● **TASK REQUIREMENTS**
Exactly as they stand, copy the lines from the one containing "The woman recognized" to the final line of the data; leave out the pictures.

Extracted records

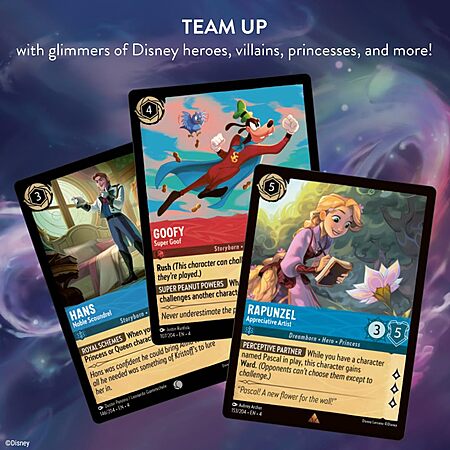 • Each of the two prebuilt decks is filled with special versions of Disney friends called "glimmers" that are ready to join you on your adventure. With Disney Lorcana Gateway, you'll learn both how to play them and ways they can work together.
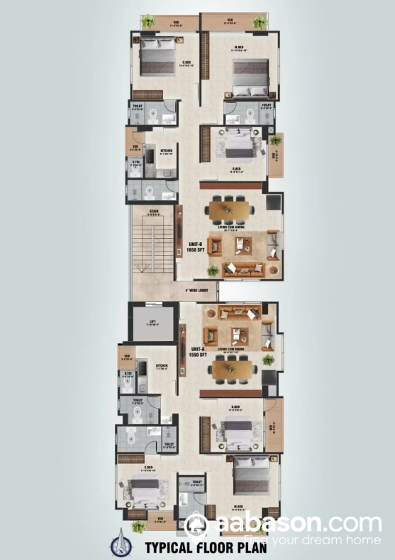 📐 Apartment Size: 1550 – 1650 sq. ft.
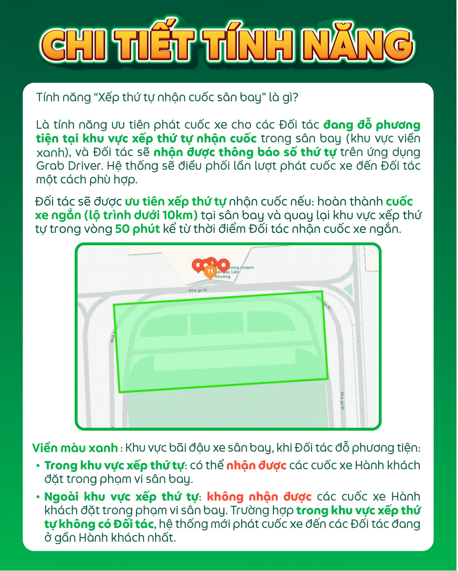 Nhằm giúp hoạt động của Đối tác tại khu vực sân bay trở nên dễ dàng và thuận lợi hơn, từ ngày 08/01/2026, Grab triển khai tính năng “Xếp thứ tự nhận cuốc sân bay” tại Sân bay quốc tế Liên Khương cụ thể như sau:
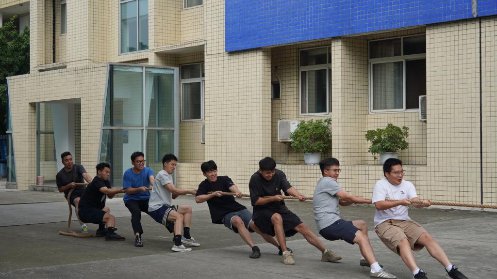 随着大队长潘俊一声哨响,比赛正式拉开帷幕。两个教学小组的学员们迅速压低重心,双脚如扎根大地的钢钉,双手紧攥拔河绳,指节因用力而微微泛白。“一二!一二!”的呐喊声整齐划一,回荡在赛场之上——这声音里,没有了座舱里的轻声指令,却多了一份并肩作战的热血;没有了仪表盘上的精准数据,却多了一份彼此信任的默契。
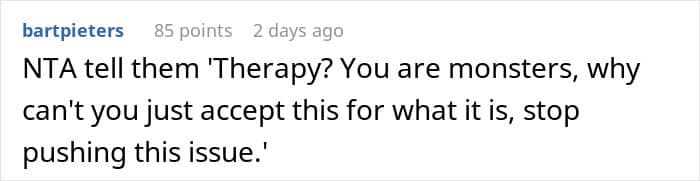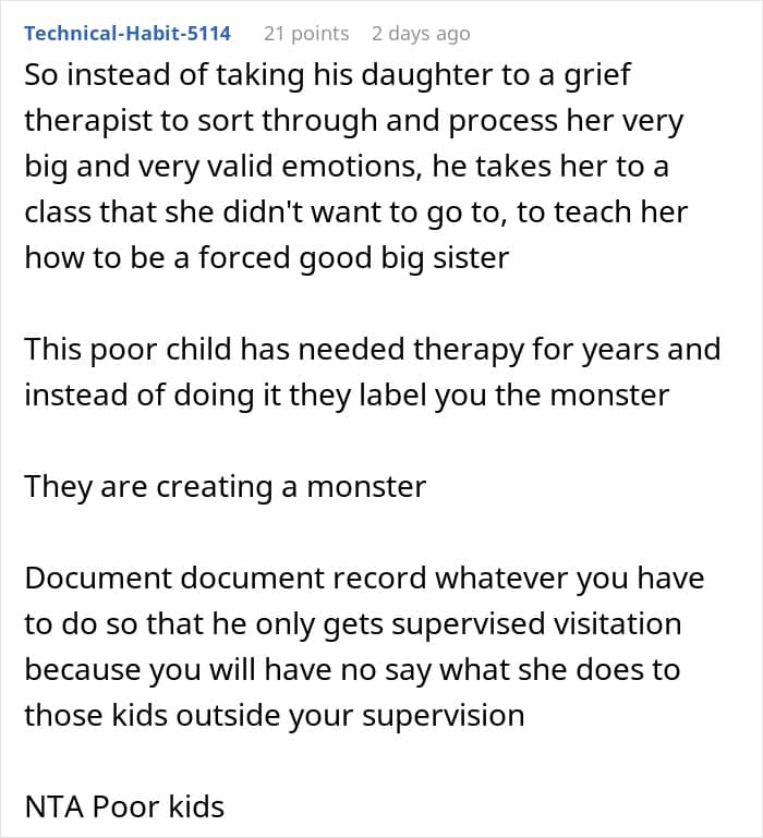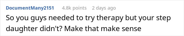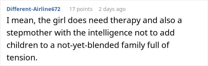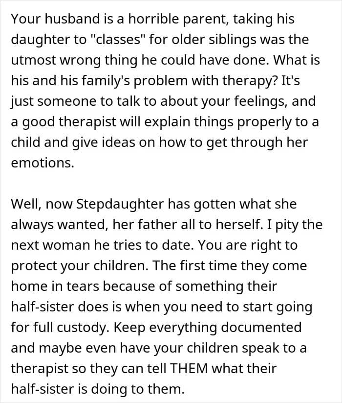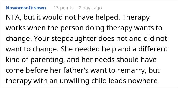 The woman recognized that her stepdaughter needed help in dealing with the pain she was likely carrying from losing her mom, which is why she recommended therapy. The hurt she felt may have manifested in her rage toward her dad’s new wife.
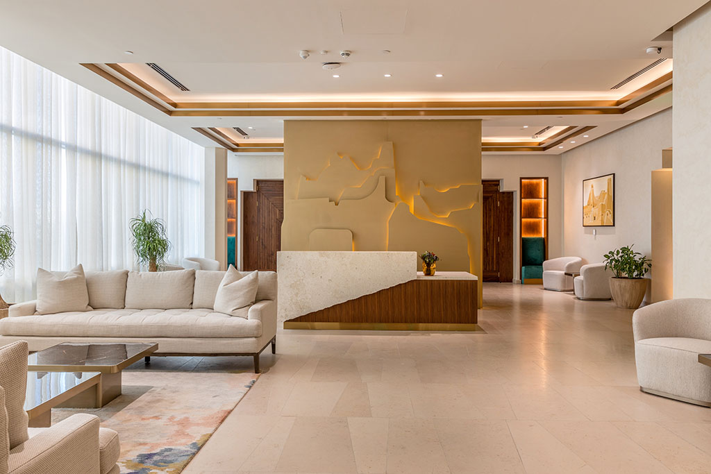 A similar example of how light and architecture work symbiotically to elevate the design is evident in the reception area but executed on a smaller scale. Diffuse lines of light highlight the contours of an artistic wall panel behind the desk that depicts the outline of buildings carved into the landscape. The effect is subtle yet beautifully realised, lending warmth to the sand-hued surface and depth to the overall design.

● **YOUR RESPONSE**
 The woman recognized that her stepdaughter needed help in dealing with the pain she was likely carrying from losing her mom, which is why she recommended therapy. The hurt she felt may have manifested in her rage toward her dad’s new wife.
 A similar example of how light and architecture work symbiotically to elevate the design is evident in the reception area but executed on a smaller scale. Diffuse lines of light highlight the contours of an artistic wall panel behind the desk that depicts the outline of buildings carved into the landscape. The effect is subtle yet beautifully realised, lending warmth to the sand-hued surface and depth to the overall design.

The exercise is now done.